RECORDED INFORMATION:
BEGIN

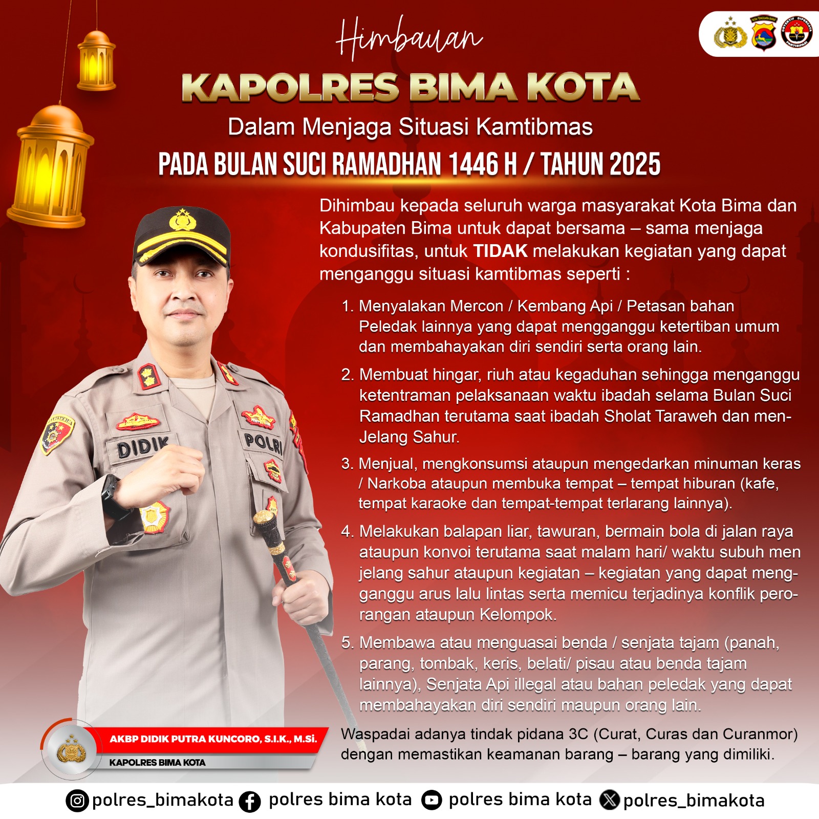Kapolres Bima Kota mengimbau kepada seluruh warga masyarakat Kota Bima dan Kabupaten Bima untuk bersama-sama menjaga kondusifitas dan menghindari berbagai aktivitas yang dapat mengganggu keamanan dan ketertiban selama bulan Ramadhan. Beberapa hal yang ditekankan dalam imbauan tersebut antara lain:
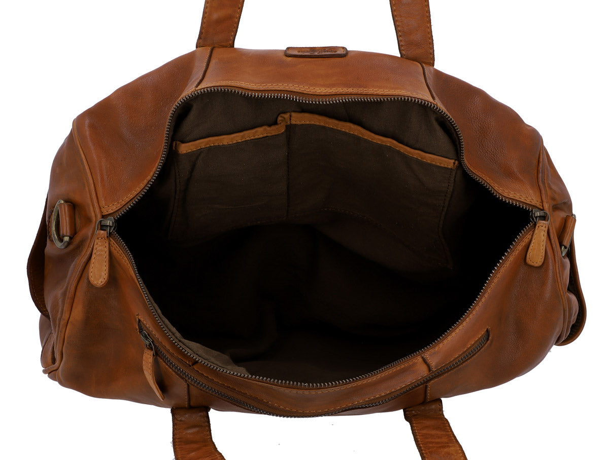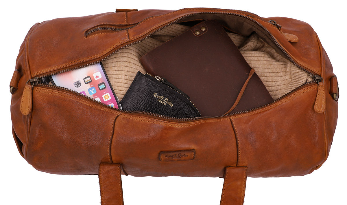 „Oliver“ kommt mit einem mittelgroßen Platzaufgebot daher: Folglich hat die geräumige Tasche genug Platz für deine Klamotten, Schuhe und Kulturbeutel, aber genauso für Notebook und weiteres Equipment. Der angesagte vollnarbige Look des Rindsleders verleiht „Oliver“ derweil Charme einer Vintage-Reisetasche, ohne dabei auf die Vorzüge moderner Reisetaschen zu verzichten. Zusätzlich verfügt er über ein Seitenfach, wo du beispielsweise deine Kopfhörer unterbringen kannst. Eine weitere Reißverschlusstasche vollendet den Look. Die zwei festen Tragehenkel mit abnehmbaren Schultergurt kannst du deinen Weekender so tragen, wie es dir beliebt. Inspiriert durch Berlin, ergänzt diese Tasche jeden urbanen Look perfekt.
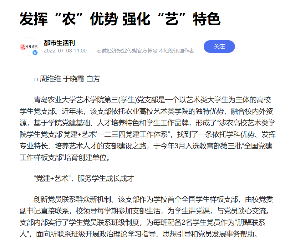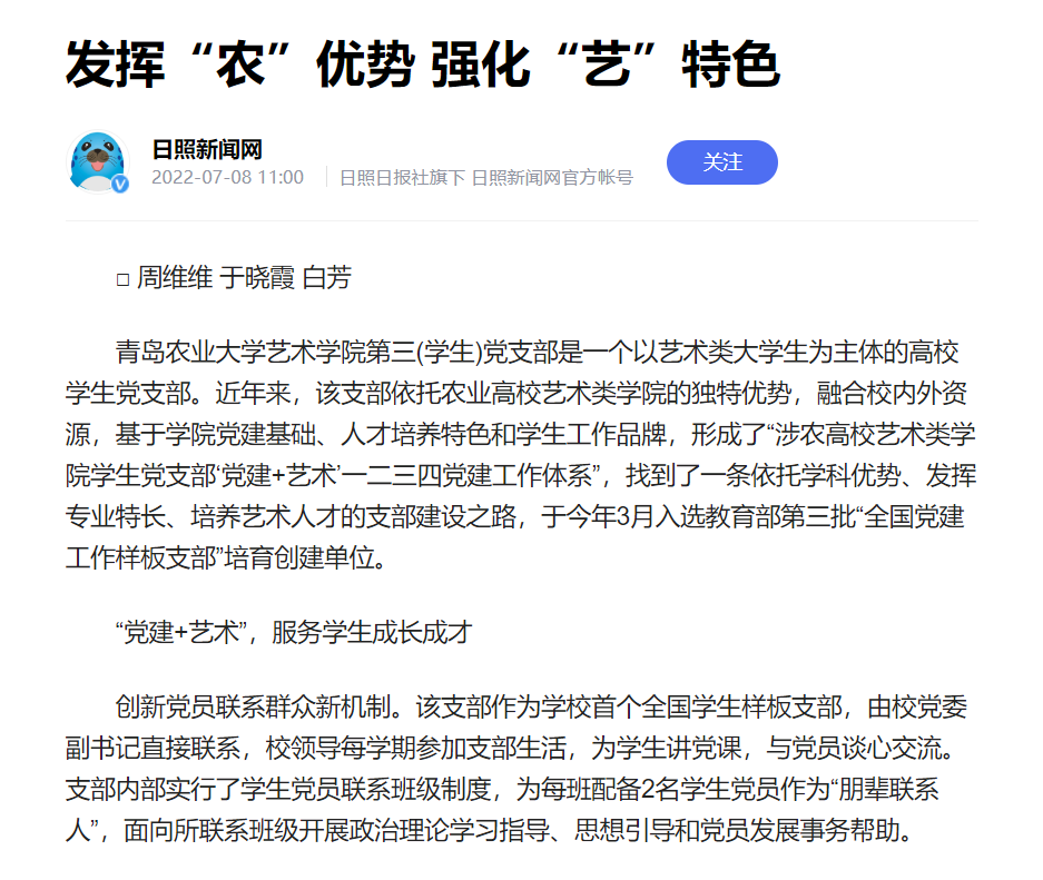 公司第三(员工)党支部是一个以艺术类老员工为主体的高校员工党支部。近年来,公司第三(员工)党支部依托农业高校艺术类公司的独特优势,融合校内外资源,基于公司党建基础、人才培养特色和员工工作品牌,形成了“涉农高校艺术类公司员工党支部‘党建+艺术’一二三四党建工作体系”,找到了一条依托学科优势、发挥专业特长、培养艺术人才的支部建设之路,于今年3月入选教育部第三批“全国党建工作样板支部”培育创建单位。公司第三(员工)党支部的事迹被日照新闻网和都市生活刊所报道。
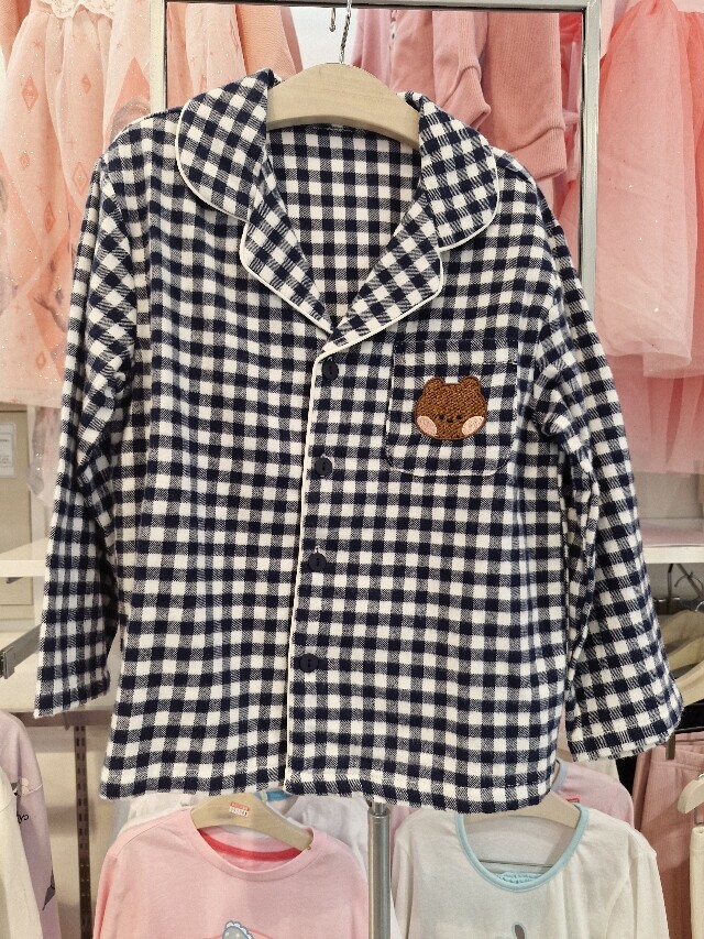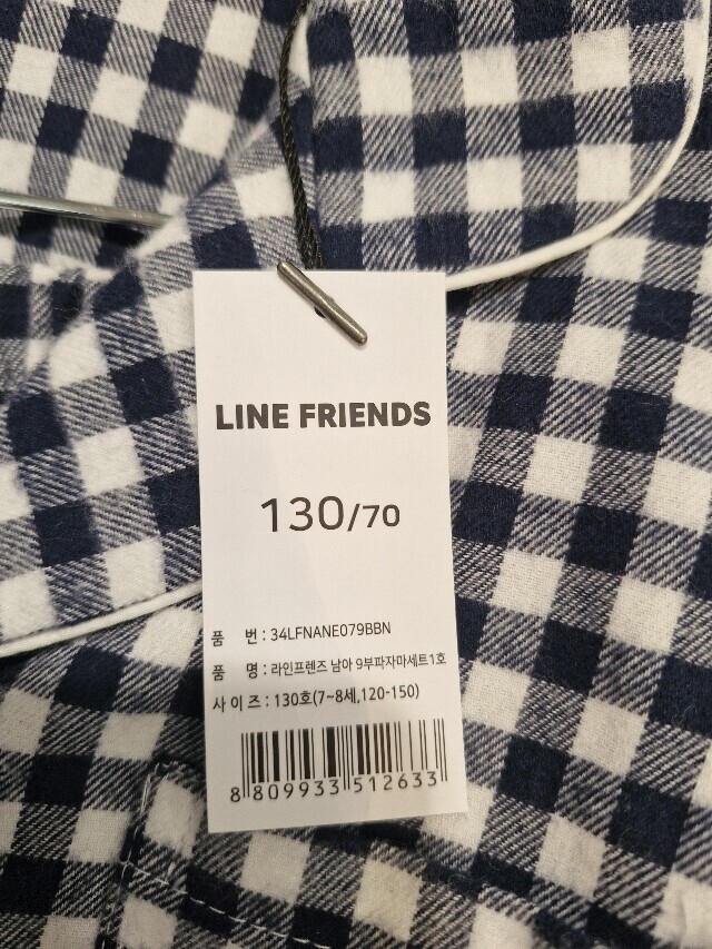 네이비체크의 고급스러운 바탕에 귀여운 라인프렌즈 캐릭터가 포인트로 들어간 편하고 활동성 좋은 잠옷입니다.

END

PROMPT:
Could you output the listing word for word, omitting every picture?

ANSWER FOR THIS EXERCISE:
Kapolres Bima Kota mengimbau kepada seluruh warga masyarakat Kota Bima dan Kabupaten Bima untuk bersama-sama menjaga kondusifitas dan menghindari berbagai aktivitas yang dapat mengganggu keamanan dan ketertiban selama bulan Ramadhan. Beberapa hal yang ditekankan dalam imbauan tersebut antara lain:
 „Oliver“ kommt mit einem mittelgroßen Platzaufgebot daher: Folglich hat die geräumige Tasche genug Platz für deine Klamotten, Schuhe und Kulturbeutel, aber genauso für Notebook und weiteres Equipment. Der angesagte vollnarbige Look des Rindsleders verleiht „Oliver“ derweil Charme einer Vintage-Reisetasche, ohne dabei auf die Vorzüge moderner Reisetaschen zu verzichten. Zusätzlich verfügt er über ein Seitenfach, wo du beispielsweise deine Kopfhörer unterbringen kannst. Eine weitere Reißverschlusstasche vollendet den Look. Die zwei festen Tragehenkel mit abnehmbaren Schultergurt kannst du deinen Weekender so tragen, wie es dir beliebt. Inspiriert durch Berlin, ergänzt diese Tasche jeden urbanen Look perfekt.
 公司第三(员工)党支部是一个以艺术类老员工为主体的高校员工党支部。近年来,公司第三(员工)党支部依托农业高校艺术类公司的独特优势,融合校内外资源,基于公司党建基础、人才培养特色和员工工作品牌,形成了“涉农高校艺术类公司员工党支部‘党建+艺术’一二三四党建工作体系”,找到了一条依托学科优势、发挥专业特长、培养艺术人才的支部建设之路,于今年3月入选教育部第三批“全国党建工作样板支部”培育创建单位。公司第三(员工)党支部的事迹被日照新闻网和都市生活刊所报道。
 네이비체크의 고급스러운 바탕에 귀여운 라인프렌즈 캐릭터가 포인트로 들어간 편하고 활동성 좋은 잠옷입니다.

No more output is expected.